◆ Problem to solve ◆
Using the data below, set down every line from the one containing "Samordnande grupp Barn och unga" through the one containing "Reunião de Assembleia", inclusive and unchanged. Pictures are to be skipped.

◆ Supplied records ◆
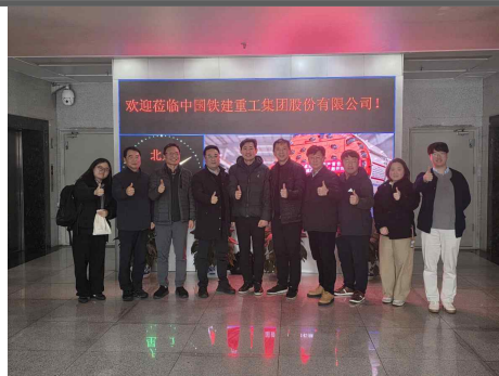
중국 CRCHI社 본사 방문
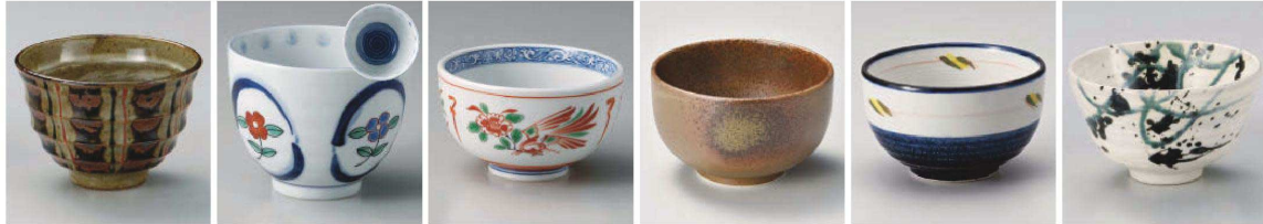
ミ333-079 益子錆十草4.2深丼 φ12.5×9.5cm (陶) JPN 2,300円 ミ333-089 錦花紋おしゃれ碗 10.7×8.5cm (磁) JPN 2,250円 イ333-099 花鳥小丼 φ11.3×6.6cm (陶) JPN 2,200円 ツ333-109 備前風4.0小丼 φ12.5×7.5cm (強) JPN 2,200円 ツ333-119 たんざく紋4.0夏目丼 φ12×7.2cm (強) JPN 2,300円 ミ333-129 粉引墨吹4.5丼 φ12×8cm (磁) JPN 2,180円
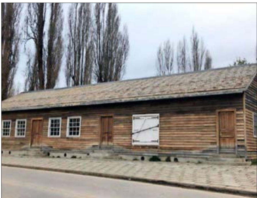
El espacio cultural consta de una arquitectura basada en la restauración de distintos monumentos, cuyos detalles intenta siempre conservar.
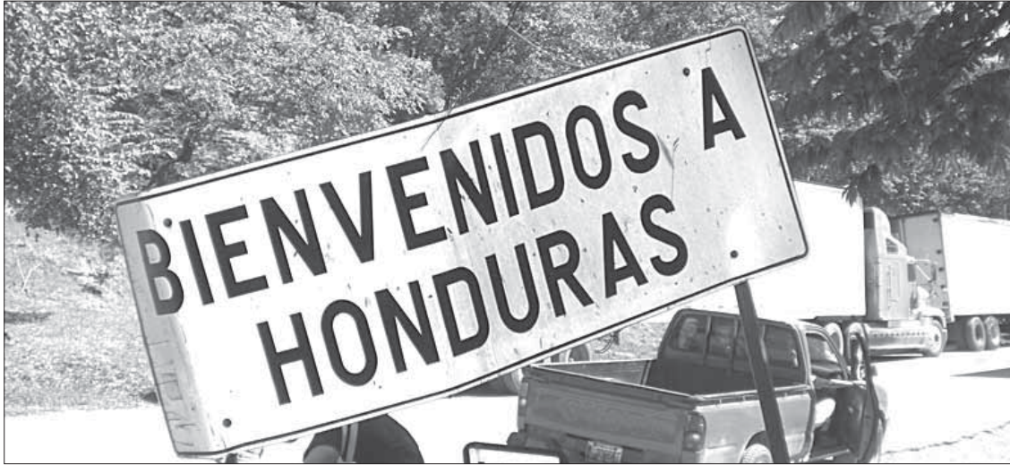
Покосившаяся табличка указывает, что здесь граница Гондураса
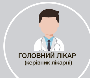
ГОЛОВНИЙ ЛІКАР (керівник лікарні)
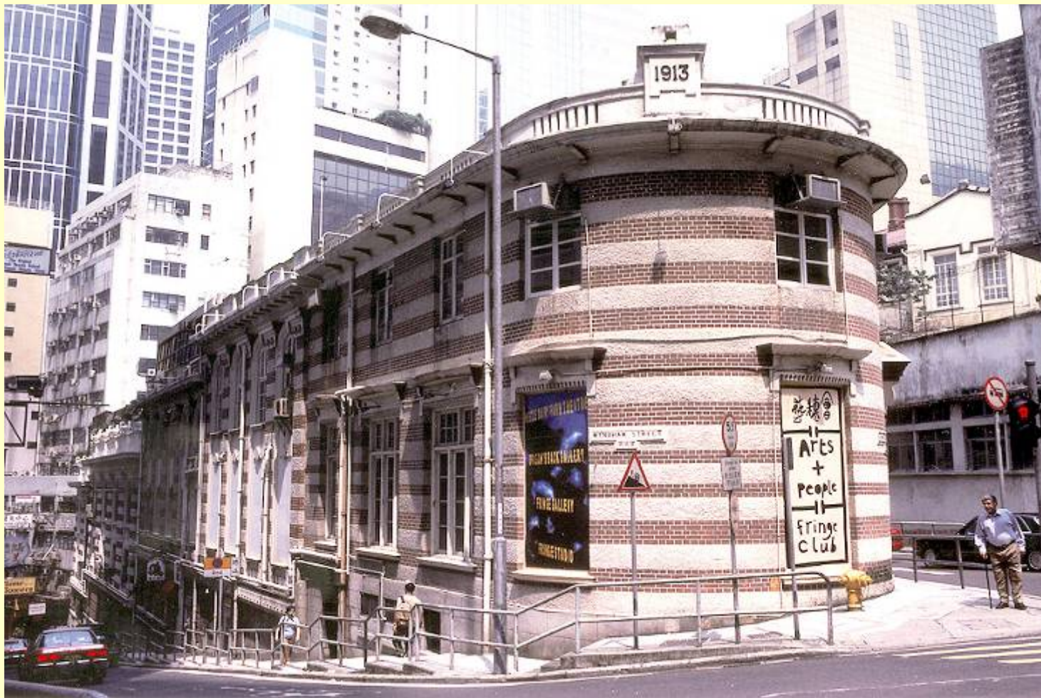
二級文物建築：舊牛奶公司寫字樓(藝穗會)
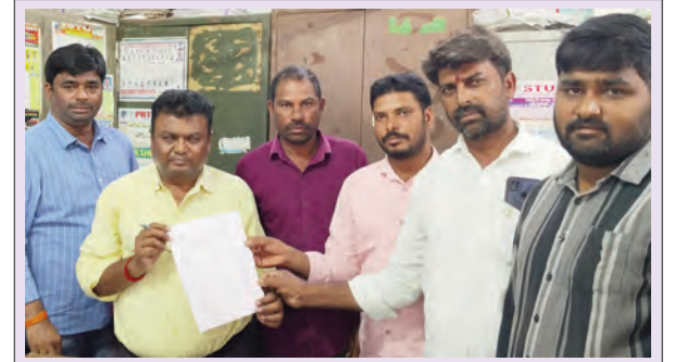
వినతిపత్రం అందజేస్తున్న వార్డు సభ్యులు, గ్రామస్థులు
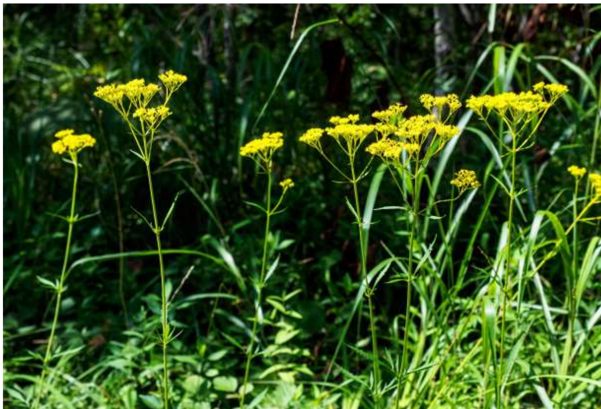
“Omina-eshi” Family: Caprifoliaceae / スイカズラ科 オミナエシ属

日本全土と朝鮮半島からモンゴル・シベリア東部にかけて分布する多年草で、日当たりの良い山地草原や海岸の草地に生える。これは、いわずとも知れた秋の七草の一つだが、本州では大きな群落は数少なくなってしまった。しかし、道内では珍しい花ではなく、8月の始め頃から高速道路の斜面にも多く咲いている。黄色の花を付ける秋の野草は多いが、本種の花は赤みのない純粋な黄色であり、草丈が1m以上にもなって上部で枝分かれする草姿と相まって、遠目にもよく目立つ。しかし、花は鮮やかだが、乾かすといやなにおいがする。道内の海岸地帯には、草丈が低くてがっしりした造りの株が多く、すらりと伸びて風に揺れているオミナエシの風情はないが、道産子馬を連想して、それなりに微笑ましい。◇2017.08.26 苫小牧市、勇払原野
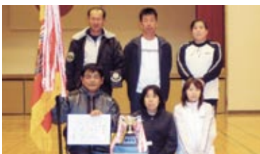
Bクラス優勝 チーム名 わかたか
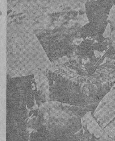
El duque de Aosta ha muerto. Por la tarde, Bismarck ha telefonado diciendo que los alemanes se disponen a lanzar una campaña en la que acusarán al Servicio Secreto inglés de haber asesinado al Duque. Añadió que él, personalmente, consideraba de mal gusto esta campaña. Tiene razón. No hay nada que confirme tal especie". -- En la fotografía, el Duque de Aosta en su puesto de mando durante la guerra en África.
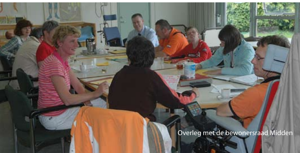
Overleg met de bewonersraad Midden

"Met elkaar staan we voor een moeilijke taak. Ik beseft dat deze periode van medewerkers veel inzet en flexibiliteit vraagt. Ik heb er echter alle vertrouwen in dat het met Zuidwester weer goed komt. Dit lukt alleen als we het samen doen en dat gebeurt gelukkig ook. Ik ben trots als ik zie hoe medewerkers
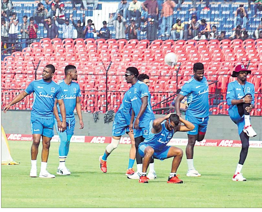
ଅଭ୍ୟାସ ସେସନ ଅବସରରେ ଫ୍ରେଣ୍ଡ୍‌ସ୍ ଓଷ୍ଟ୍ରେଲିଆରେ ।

==

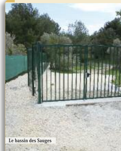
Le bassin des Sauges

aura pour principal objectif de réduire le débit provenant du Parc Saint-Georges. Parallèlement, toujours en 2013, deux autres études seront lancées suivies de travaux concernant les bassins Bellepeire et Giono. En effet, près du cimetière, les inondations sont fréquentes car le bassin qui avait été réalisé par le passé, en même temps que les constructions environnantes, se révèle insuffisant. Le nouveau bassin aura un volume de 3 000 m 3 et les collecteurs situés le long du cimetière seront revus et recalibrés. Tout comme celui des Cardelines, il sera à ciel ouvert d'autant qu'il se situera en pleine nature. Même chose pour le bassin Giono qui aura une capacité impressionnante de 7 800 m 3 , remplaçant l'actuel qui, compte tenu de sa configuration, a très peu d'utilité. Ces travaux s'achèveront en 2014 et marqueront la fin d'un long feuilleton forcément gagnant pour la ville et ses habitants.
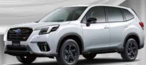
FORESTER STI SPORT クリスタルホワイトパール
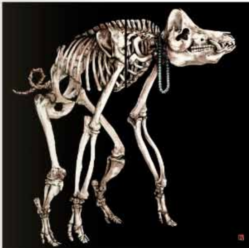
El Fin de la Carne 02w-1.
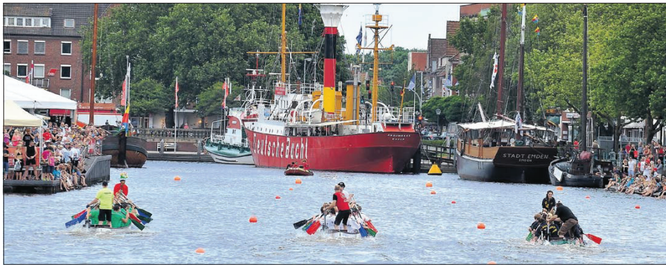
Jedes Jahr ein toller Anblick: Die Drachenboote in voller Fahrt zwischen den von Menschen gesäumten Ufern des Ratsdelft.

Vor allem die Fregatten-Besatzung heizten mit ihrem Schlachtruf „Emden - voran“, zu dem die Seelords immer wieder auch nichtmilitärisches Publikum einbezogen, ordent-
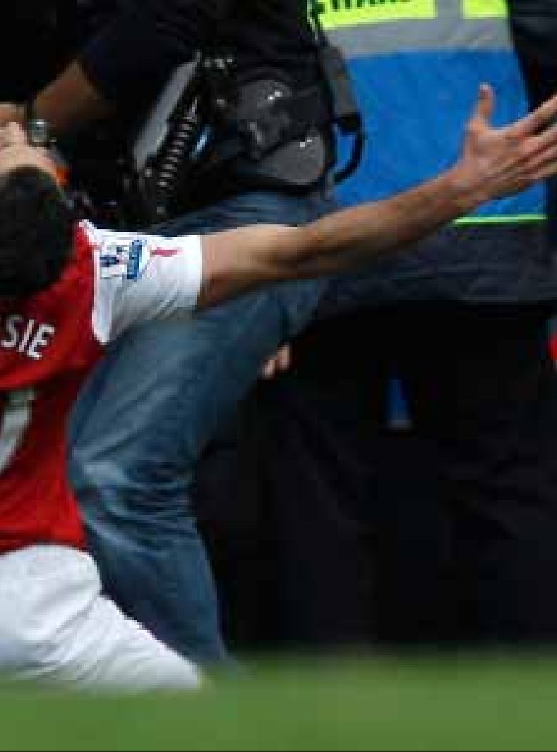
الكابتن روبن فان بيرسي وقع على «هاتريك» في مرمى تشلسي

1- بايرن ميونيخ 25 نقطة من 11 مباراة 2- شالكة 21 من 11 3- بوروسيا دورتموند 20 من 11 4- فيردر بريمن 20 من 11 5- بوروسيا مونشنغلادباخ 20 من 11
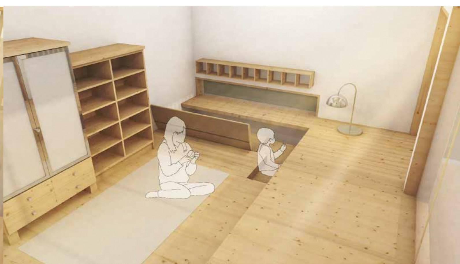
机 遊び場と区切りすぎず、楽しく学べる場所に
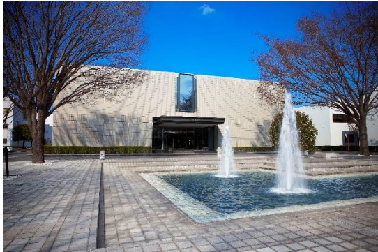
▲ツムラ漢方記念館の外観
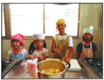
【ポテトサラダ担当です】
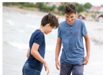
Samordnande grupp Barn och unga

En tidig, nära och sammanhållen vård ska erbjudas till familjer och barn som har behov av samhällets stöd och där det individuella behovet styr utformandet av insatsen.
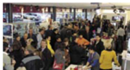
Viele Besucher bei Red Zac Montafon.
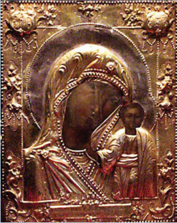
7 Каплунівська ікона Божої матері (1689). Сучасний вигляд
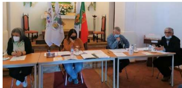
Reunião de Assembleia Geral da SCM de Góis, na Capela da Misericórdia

◆ Answer for the task ◆
Samordnande grupp Barn och unga

En tidig, nära och sammanhållen vård ska erbjudas till familjer och barn som har behov av samhällets stöd och där det individuella behovet styr utformandet av insatsen.
Viele Besucher bei Red Zac Montafon.
7 Каплунівська ікона Божої матері (1689). Сучасний вигляд
Reunião de Assembleia Geral da SCM de Góis, na Capela da Misericórdia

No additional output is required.